When the dough is ready, roll it out between two sheets of plastic wrap and fit it into a greased pie dish. The dough will contract when baked, so leave plenty of extra pastry on the edges. Refrigerate the pastry shell for 30 minutes. Preheat an oven to 180°C. Retrieve the pastry shell, prick its base with a fork, line it with paper, and pour in some pie weights (I have some old dried chickpeas for this job). Bake the pastry shell for 18 minutes, until it is golden brown around the edges. Remove the paper and pie weights, then bake for another 8 minutes, until the pastry is cooked through. Allow the base to cool.

Gently melt the chocolate using your preferred method, then pour it into the base of the pastry shell, spreading it evenly with the back of a spoon. Refrigerate the pastry to set the chocolate. When the chocolate is set, spoon in the chestnut spread and spread it out evenly. Return the tart to the fridge.

When you're almost ready to serve the dessert, place the three cream ingredients in a small bowl and whip them with an electric beater until medium-soft peaks form. Serve slices of the tart topped with white mountains of cream and sprinkle the candies pecans on top.

Friday, April 06, 2018

Sweet soy Brussels sprouts & tofu

March 30, 2018

Easter brought with it another meeting of our regular Ottolenghi club. It was typically indulgent, with a baked blue cheesecake, pea and mint croquettes, lentil and asparagus salad and a fancy tart that Cindy will post about soon (photos of the whole shindig are on our facebook page). My contribution was this weird-sounding recipe from Plenty. It's rare that I'll take on a dish that doesn't have a photo in a cookbook, but this seemed like a rare simple dish from ol' Yotam so I decided to give it a shot. 

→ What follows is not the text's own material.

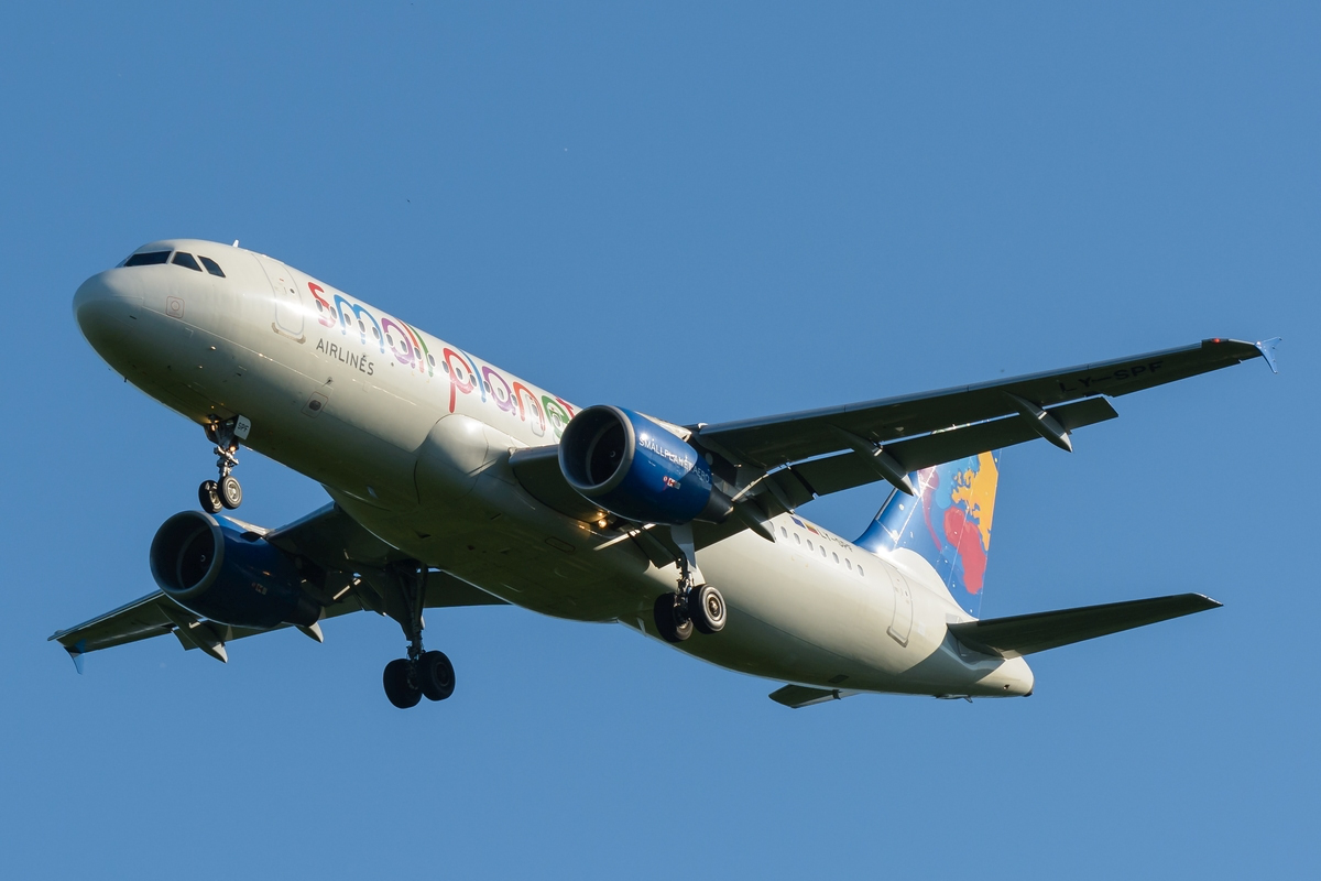 Small Planet Airlines Airbus A320-200 LY-SPF am Morgen des 27.05.2017 im Anflug auf Düsseldorf.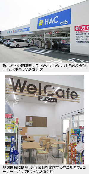 ウエルシアホールディングス(HD)は、16年9月に吸収合併したCFSコーポレーションのドラッグストア(DgS)「ハック(HAC」の“ウエルシアモデル”転換を進めている。食品・酒類の強化で子育て世代の女性中心に客数が増え、それがH&BC(医薬品&化粧品)にも波及効果を発揮している。  旧CFS店舗は、知名度の高い横浜地区約200店は「ハック」ブランドを継続使用しているが、他地区は内外装ともウエルシアモデルに転換した。旧CFS既存店売上げ伸び率は16年9

Sweet chilli sauce is not the kind of ingredient I imagine Ottolenghi reaching for very often, but it works nicely in this dish with the soy and sesame oil flavours. The real stars are the sprouts though - you've really gotta get them to caramelise for the full effect. The tofu and shitakes added some nice variety and, despite the rather brown visual aspect, this got the Ottolenghi-club tick of approval.

Sweet soy Brussels sprouts & tofu
(from Yotam Ottolenghi's Plenty)

2 tablespoons sweet chilli sauce
1.5 tablespoons tamari
3 tablespoons sesame oil
1 teaspoon rice vinegar
1 tablespoon maple syrup
3/4 cup sunflower oil
150g firm tofu
500g Brussels sprouts
Small bunch spring onions, sliced
1/2 teaspoon chilli flakes
100g shitake mushrooms, quartered
15g coriander leaves
sesame seeds (to garnish)

Slice the tofu into flat squares, about 4cm wide. Mix together the sweet chilli sauce, tamari, 2 tablespoons of the sesame oil, rice vinegar and maple syrup in a flat container and marinate your squares for an hour or so, flipping them over halfway through.

Trim the bases off the sprouts and cut them in thirds longways so you get relatively flat pieces.

Heat 4 tablespoons of the sunflower oil in a frying pan over high heat. Throw in half the sprouts and a few shakes of salt and cook on high for a few minutes. You want to get them nice and charred - almost to the point of burning them - so don't stir too much. Repeat with the other half of the sprouts and set them aside in a bowl.

Add another couple of tablespoons of sunflower oil to the pan and stir fry the spring onions, mushrooms and chilli flakes for a few minutes. Pop them in with the sprouts once you're done.

Now fry the tofu squares - pop them flat in the pan for a couple of minutes on each side, until they're nicely caramelised (you might need to do a couple of batches and top up the oil).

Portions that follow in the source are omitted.